Over the past two decades the government and its agencies have spread their tentacles deeper into the heart of medicine. This essay considers only one minor area of medicine, but it illustrates the significant costs incurred when federal and state mandates become standard procedure throughout the United States.

Many of the drugs used in the operating room are available in multiple use containers. Preservatives are added to the drugs, so after a portion is removed steriley with a needle and syringe, the remainder of the drug can be used safely until the expiration date on the bottle. When I began practice over twenty-five years ago, each individual physician maintained his own separate drug box where that doctor alone had access to the drugs. In this manner it was assured sterile technique was maintained, and aliquots of the drugs could be used on multiple patients until the containers were empty or their shelf life expired. The system was simple, cost effective, and in our hospital no documented case of patient injury was reported.
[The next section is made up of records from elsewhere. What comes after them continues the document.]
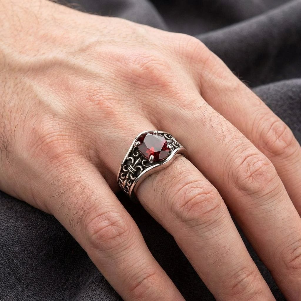以我們華麗的百合花石榴石戒指,喚醒古老貴族的力量。這不僅僅是一件飾品,更是一枚以純銀鑄造的皇家徽章,展現傳承與榮耀的宣言。戒指正面飾有法國皇室經典百合花標誌與深紅石榴石,專為自信如王者的男士而設。
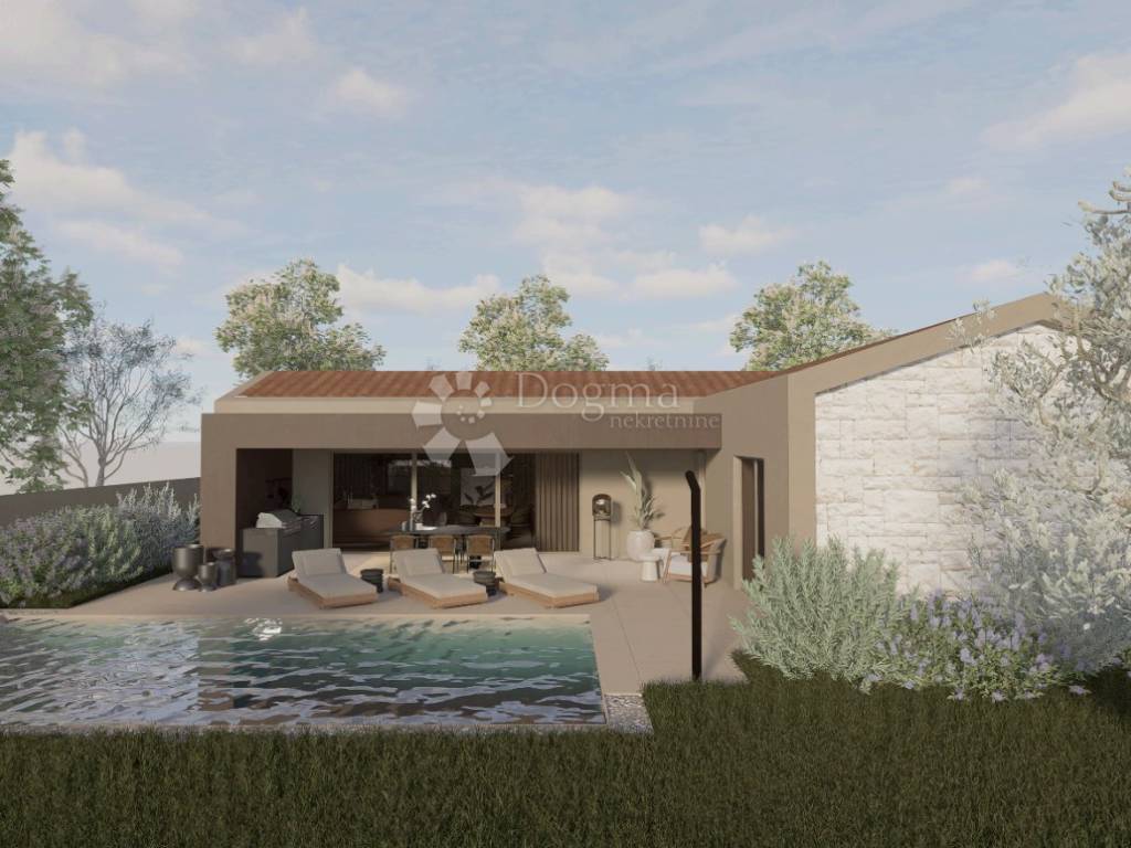 U mirnom okruženju, u blizini Tinjana i Pazina, prodajemo modernu prizemnu - novogradnja s tri spavaće sobe.
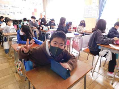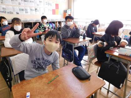 5年3組はすでに終了してました。先生からの解説を聞き、一喜一憂です。
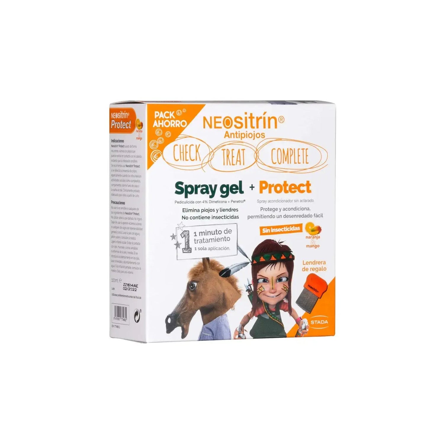 Neositrin Pack Spray Gel 60ml + Protect Après-shampooing 100ml est un pack de soin capillaire qui comprend un gel en spray et un après-shampooing.
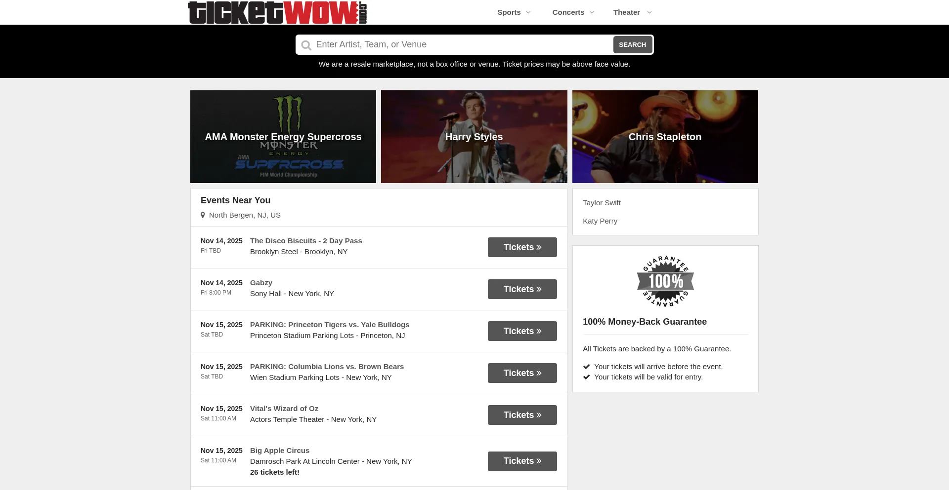 All Tickets are backed by a 100% Guarantee.
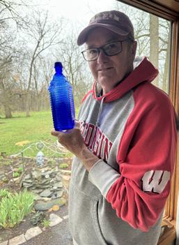 Alan Blakeman holding the Goffe & Sons Birmingham cobalt blue codd bottle.
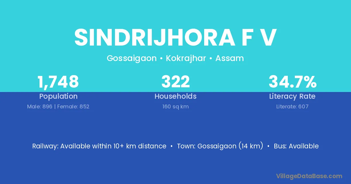 Gossaigaon (14 km) is the nearest town to Sindrijhora F V village for major economic activities and is located approximately 14 km away.

This worked well until the State of California and its legions of hospital inspectors, most of whom have not cared for a patient in a very long time, determined individual drug boxes were a safety hazard. In one of their surprise inspections, they descended upon the hospital and proclaimed this to be a serious breach that threatened patient safety and the ability of the hospital to function. The anesthesiologists involved were assumed to be irresponsible, as if they smeared feces on the drug containers before dispensing it to their patients. Keep in mind, at that time the anesthesia department was first rate, and in a national survey rated as one of the best in the entire country.
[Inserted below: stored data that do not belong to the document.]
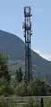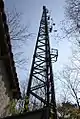 The tower is constructed of a latticework, consisting of a criss-crossed pattern of strips of building material.
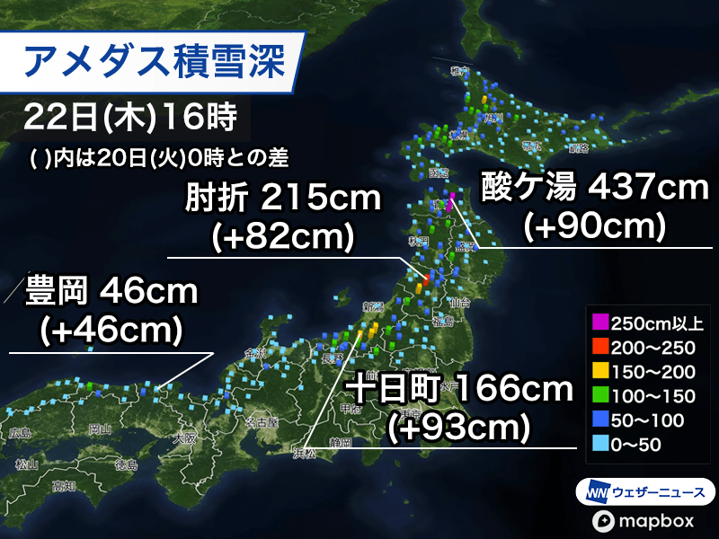 東北、北陸などで積雪が大きく増加
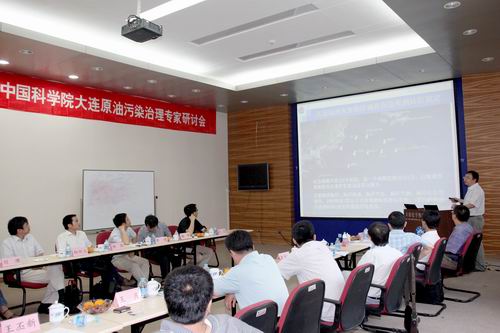为了更充分地发挥中国科学院综合技术优势,在完成初步调研和评估的基础上,沈阳分院于7月28日组织大连化物所、海洋所、生态环境中心、微生物所、长春应化所、沈阳应用生态所等单位在大连召开了“中国科学院大连原油污染治理专家研讨会”,包括包信和、江桂斌、张玉奎3位院士在内的20余位专家,以及院地合作局和长春分院相关人员参加了此次研讨会。包信和院长介绍了举办本次会议的背景情况和国外类似事故的处理措施?;嵋橛闪翰ǜ痹撼ぶ鞒?。
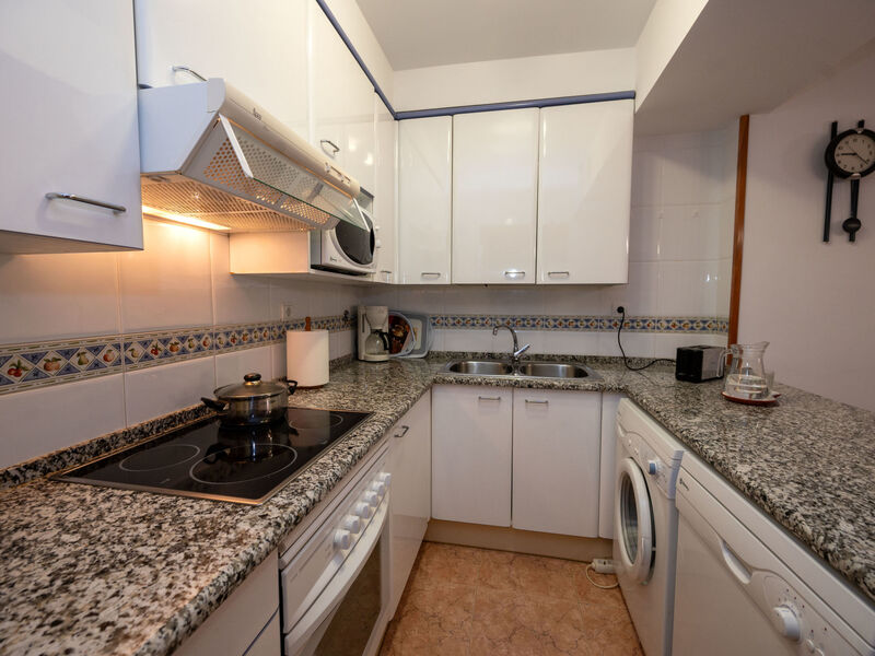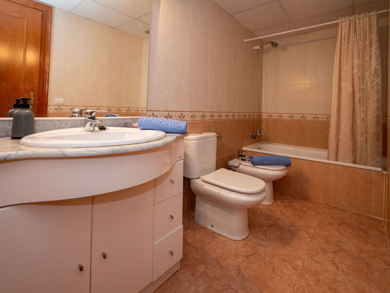 "Colom", appartement 3-kamers 51 m2. Het objekt is geschikt voor 2 volwassenen + 2 kinderen. Doelmatig en comfortabel ingericht: woon-/eetkamer met eettafel, Digitale TV, elektrische verwarming en air-conditioning. Uitgang naar het balkon. 1 kamer met 1 2-pers bed (135 cm, lengte 190 cm), elektrische verwarming en air-conditioning. 1 kamer met 1 x 2 stapelbedden (80 cm, lengte 190 cm), elektrische verwarming en air-conditioning. Open keuken (oven, afwasmachine, 4 keramische glas kookplaten, broodrooster, waterkoker, magnetron, elektrische koffiemachine). Bad/bidet/WC. Balkon. Balkonmeubilair. Uitzicht op het zwembad en de tuin. Ter beschikking: wasmachine, strijkijzer, haardroger. Internet (WiFi, gratis). Garage (1 Auto). HUTB-073953 // Reg. Nr.: ESFCTU00000809800062536300000000000000000HUTB-0739537

The solution was simple – get rid of the individual drug boxes and throw away all unused drugs at the end of each day. Even if absolute sterile technique was employed as had been in the past, there was no argument or logic which could dissuade the inspectors. Failure to adhere to these guidelines would result in heavy fines and probationary status for the hospital. As a result every year our group of physicians discards thousands of dollars worth of perfectly good drugs, which could be used safely in surgery. The bureaucrats have made the pharmaceutical companies all too happy to sell the hospital more drugs to replace the ones which are flushed down the toilet everyday.

The following is a specific example which demonstrates how government agencies accentuate cost overruns and create problems which do not exist: Spinal anesthesia is used often for total joint replacement surgery and cesarean sections. Preservative free preparations of narcotics such as morphine can be added to the spinal anesthetic to give the patient pain relief up to 24 hours after surgery. A typical dose is 0.2 milliliters added to the local anesthetic used for the spinal. The narcotic is packaged in a glass ampule which contains 2 milliliters – enough for ten doses, all of which can be steriley removed from the ampule with individual syringes designated for specific patients.
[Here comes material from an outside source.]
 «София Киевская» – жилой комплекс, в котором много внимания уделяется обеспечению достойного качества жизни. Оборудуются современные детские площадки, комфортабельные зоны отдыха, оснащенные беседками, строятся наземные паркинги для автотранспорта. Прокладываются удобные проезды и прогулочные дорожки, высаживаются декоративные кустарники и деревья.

It is not that simple. Agencies which inspect hospitals do not allow narcotics to be withdrawn from one container and used on multiple patients even if accurately documented. So with every spinal anesthetic, the physician uses 0.2 milliliters of drug and wastes 1.8 milliliters.

Just this week our group of physicians received a notice from the hospital: There is a shortage of preservative free morphine for spinal anesthesia. I wonder why?